Well, if x >2 then (x-2) is a positive number so the square root of (x-2) is a real number. Likewise, if x=2, then (x-2)=0, and sqrt(0)=0. However, if we take any number slightly smaller than 2, and let x equal that, say x=1.9999, (x-2) would be:\[(1.9999-2)=-0.0001\]And\[\sqrt{-0.0001}=\sqrt{-1 \times 0.0001}=\sqrt{-1} \times \sqrt{0.0001}=i \times 0.01\]and this is clearly not a real number. So the absolutely smallest value of x can be 2.
I see, thanks for the detailed answer!
You're welcome! I hope my ramblings made sense. :)

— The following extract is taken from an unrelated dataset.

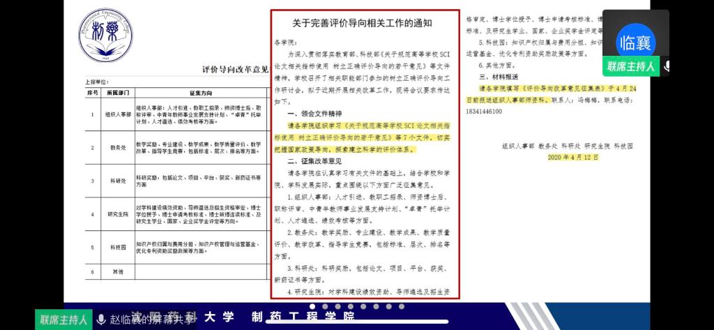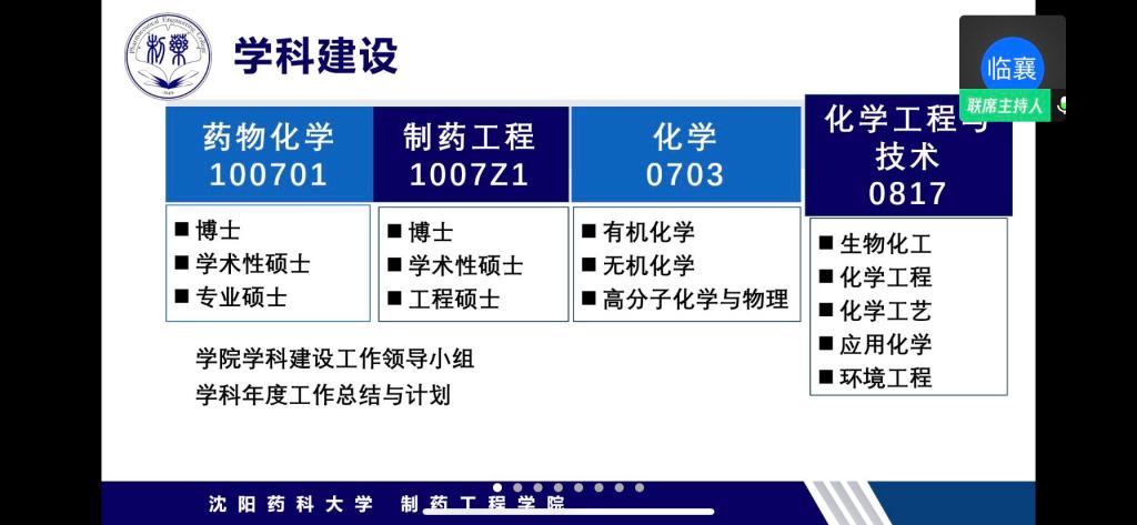 会上,学院党委书记李哲通报了目前学院疫情防控有关工作情况。学院院长赵临襄重点从关于完善评价导向相关工作、学科建设两方面进行工作部署。首先,赵院长结合学校绩效考核指标从发展战略、综合管理、制度建设等方面向参会人员阐述了“1-1-4-4”学院发展战略,并结合学校《关于完善评价导向相关工作通知》有关要求,带领参会人员共同学习了国务院、国家各部委相关工作文件。赵院长要求各教研室、实验中心会后要积极组织本部门教师进行学习,并结合米兰官网实际情况提出反馈意见。接下来,赵院长从学科建设管理、学科建设成果、学术影响力等方面,结合药物化学、制药工程、化学、化学工程与技术4个学科的发展实际进行学科建设整体工作部署。随后,学院副院长郭永学从“定一个目标、建一个团队、拟一份规划、填一张表格、写一份报告、做一次培训”等方面依次汇报了一流专业建设相关工作。
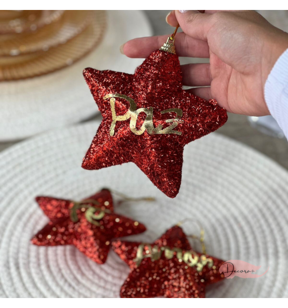 Enfeite de Natal Estrela Vermelha "Paz" - 12cm

one more thing about this " [2,5/2)∪(5/2,∞)" how do you know which goes first and which goes last ? I mean the way to set it up ?
It does and thank you ! :D
Well, what do you mean by which goes first? Do you mean out of [2,5/2) and (5/2, infinity)?
that and which one is x and y ?
i thought the x that we found is 5/2 shouldn't that go first before the 2 ?
I'm sorry if I confuse you lol :[
I think I see where the confusion is. \[[2,\frac{5}{2}) \cup (\frac{5}{2},\infty)\]is the same thing as\[x \in [2,\frac{5}{2})\]OR\[x \in (\frac{5}{2},\infty )\]That is, everything I wrote down represents the values that x is allowed to take. Neither of them refer to y.
It's set notation. I think\[2 \le x < \frac{5}{2}\]OR\[\frac{5}{2} < x < \infty\]would make more sense?
ok let me try the next problem! thank you so much!!
hey, are you still here?
is there to determine the domain and range using the graphing calculator ?
is there a way* excuse my typing..
Hmm, well I suppose you could graph the function and then look at the graph. Though sometimes it can be misleading if the window is set incorrectly.
You could probably also write a program on one to tell you the domain and range, but I'm terrible with coding.